The county is seeking feedback from municipal councils and members of the public as it looks to prepare regulations around cannabis in the unincorporated areas of Contra Costa County.
County Supervisor Candace Andersen and Director of Conservation and Development John Kopchik gave a presentation of the county's preliminary framework, addressing commercial cannabis and outdoor personal use growth at the Feb. 26 Lafayette City Council meeting as part of the supervisors' efforts to receive feedback from towns and cities across the county.
Lafayette already has some of the most restrictive laws pertaining to cannabis in the area. Residents are allowed indoor growth of up to six plants for personal use, deliveries are allowed but only with electronic payment transactions, and no commercial activities are permitted within the city.
Currently the county also prohibits all commercial cannabis. The question of whether to allow commercial or outdoor personal use growth in unincorporated areas with different land-use permits, such as the Saranap area, that are adjacent to the city was being explored at the meeting.
Kopchik showed maps of the county illustrating buffer zones of 1,000 feet around sensitive sites (such as schools, parks/playgrounds, libraries, drug treatment centers and homeless shelters) and 500 feet around residential sites.
Kopchik explained that an unincorporated county cannabis tax initiative could be considered by voters at the next general election in November. Unincorporated voters would vote on the tax ballot and he added the intent is that the commercial cannabis ordinance would only take effect if and when voters pass a tax initiative.

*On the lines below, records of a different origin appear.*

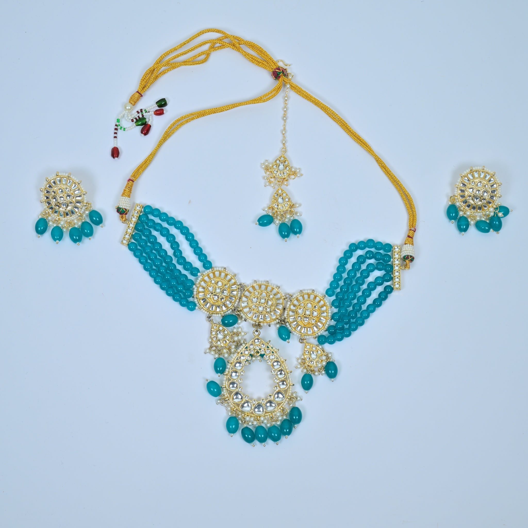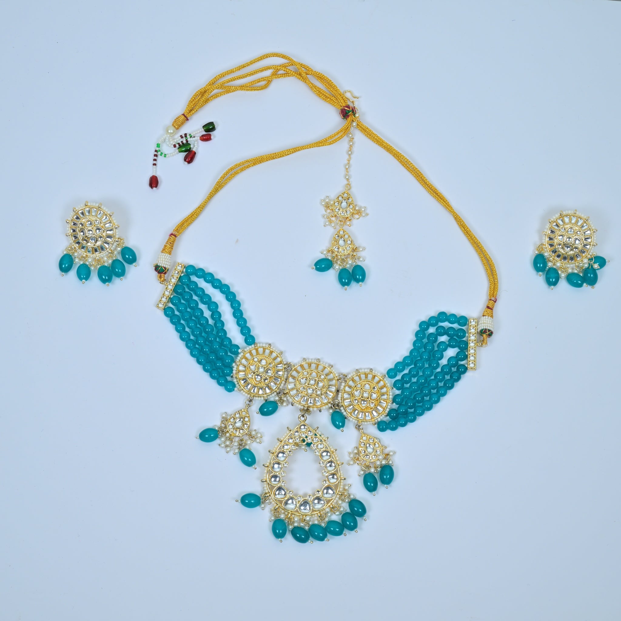 Exquisite Sky Blue Kundan Gold-Plated Necklace, Perfect for Women in Traditional Attire
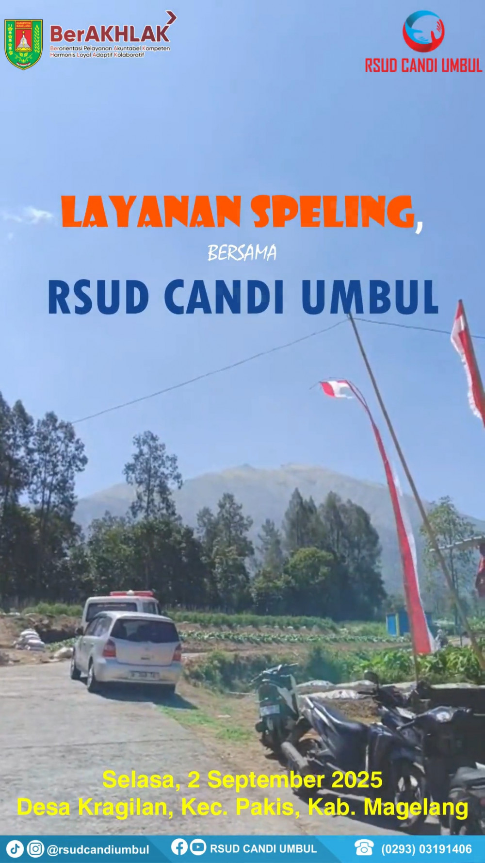 Dalam rangka mendukung program kesehatan Gubernur Jawa Tengah, RSUD Candi Umbul melaksanakan kegiatan Speling (Dokter Spesialis Keliling) pada hari Selasa, 2 September 2025, yang bertempat di Desa Kragilan, Kecamatan Pakis, Kabupaten Magelang. Kegiatan ini bertujuan untuk mendekatkan layanan kesehatan spesialistik kepada masyarakat di wilayah terpencil, sehingga mereka dapat memperoleh pemeriksaan dan konsultasi langsung dengan dokter spesialis tanpa harus pergi ke rumah sakit. Antusiasme warga sangat tinggi, dan kegiatan ini diharapkan dapat meningkatkan kualitas kesehatan masyarakat secara merata.
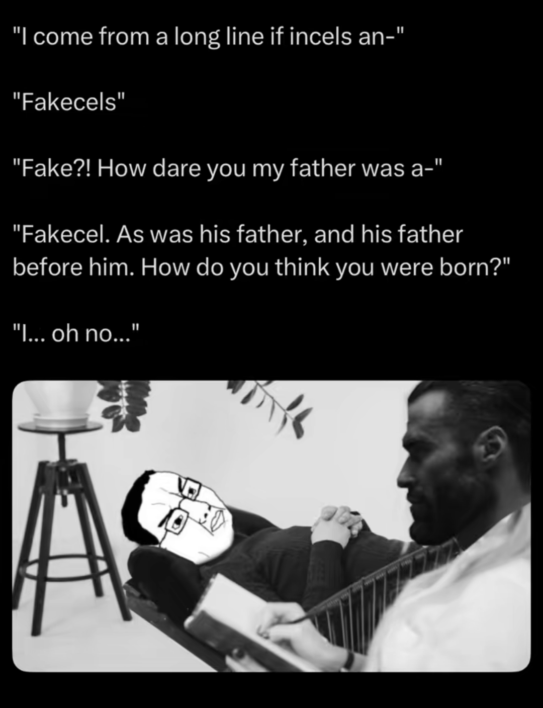 >lil bro is so hooked on 4cuck slopbthat he thought i meant x the boardjust had my biggest laugh for today
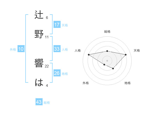 辻野 響はさんの天格は17画の4点!
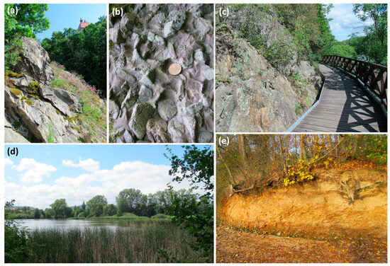 Selected sites with Earth science interest: (a) Veveří—outcrop of granodiorites, with a specific vegetation and high cultural relevance (Veveří castle); (b) a detail of conglomerates of Rokytná beds at the Břenčák Nature Reserve; (c) Kůlny Nature Monument with granodiorite outcrops—highly frequented tourist path; (d) Wetlands near Veverská Bítýška are situated just on the border of the Boskovice furrow; (e) Osada Abrasion Cliffs with sequences of sands and gravels. Photo: the authors.
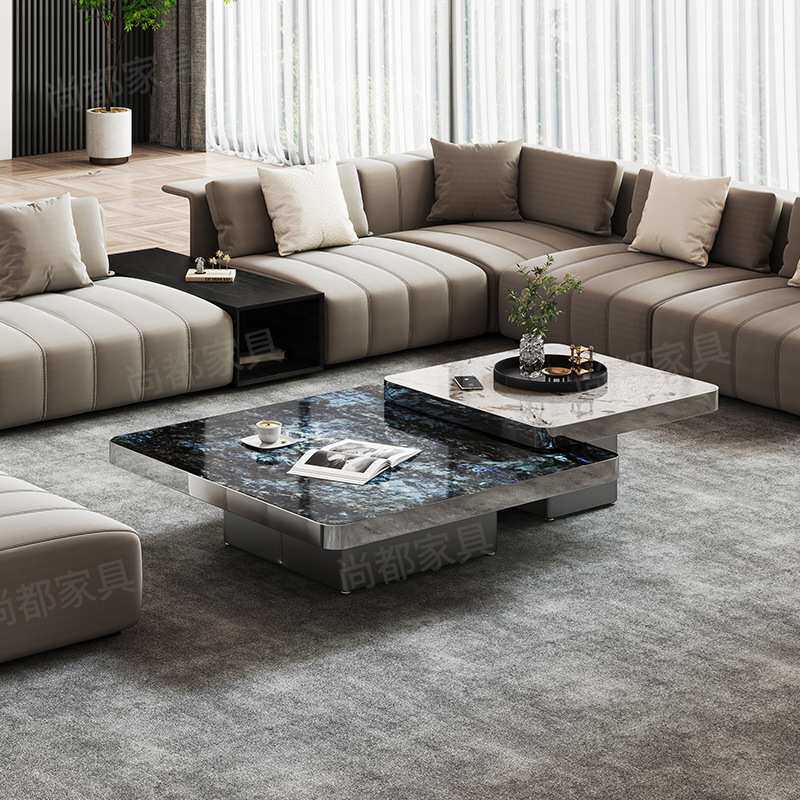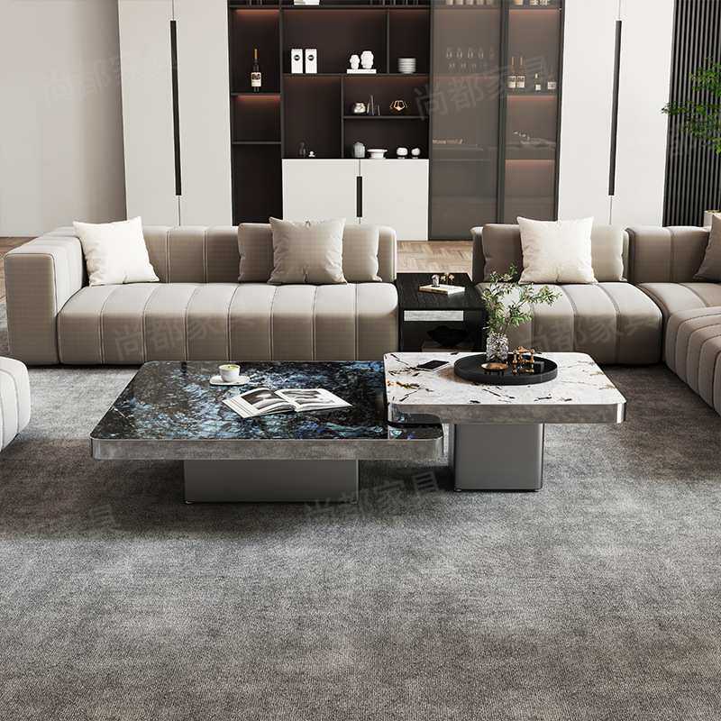 新款微晶石大理石茶几组合轻奢极简简约岩板家用客厅茶几高级感

Many speakers took their turns making it clear that they completely oppose any commercial cannabis activities, referring most often to the effect on teenagers as well as potential for increased crime and car accidents.
Alcohol Drug Abuse Prevention Team Director Jaime Rich urged the county to keep the ban. She said students she has worked with have reported kids having seizures in the classroom as a result of marijuana. Rich spoke specifically about the issue of delivery, the problems of keeping the drug out of the hands of those under 21 and suggested they look very closely at the language surrounding delivery laws. In Lafayette deliveries must go into a secured location.
Andersen and Kopchik were specifically seeking input on the buffer zones, caps on permits, outdoor personal growing and the council's overall reaction.
While council members Mike Anderson, Ivor Samson and Mark Mitchell approved of the plan in theory, Mayor Don Tatzin was a little more cautious saying he hopes the county would adopt the same rules as the adjacent cities. Anderson urged residents to make their voices heard at county meetings, reminding the audience that what they had heard that evening pertained only to unincorporated areas and not to the city of Lafayette.
Vice Mayor Cam Burks was absolutely clear in his message. He said he saw no need to hurry and that the county should come back to this in a year. "Why the rush? Why not wait to see the impacts on law and order?
"I am completely opposed to moving forward," he said, to the audience's delight.
Supervisor Andersen will be presenting the framework to Moraga on March 14 and to Orinda on March 20 (this date is tentative).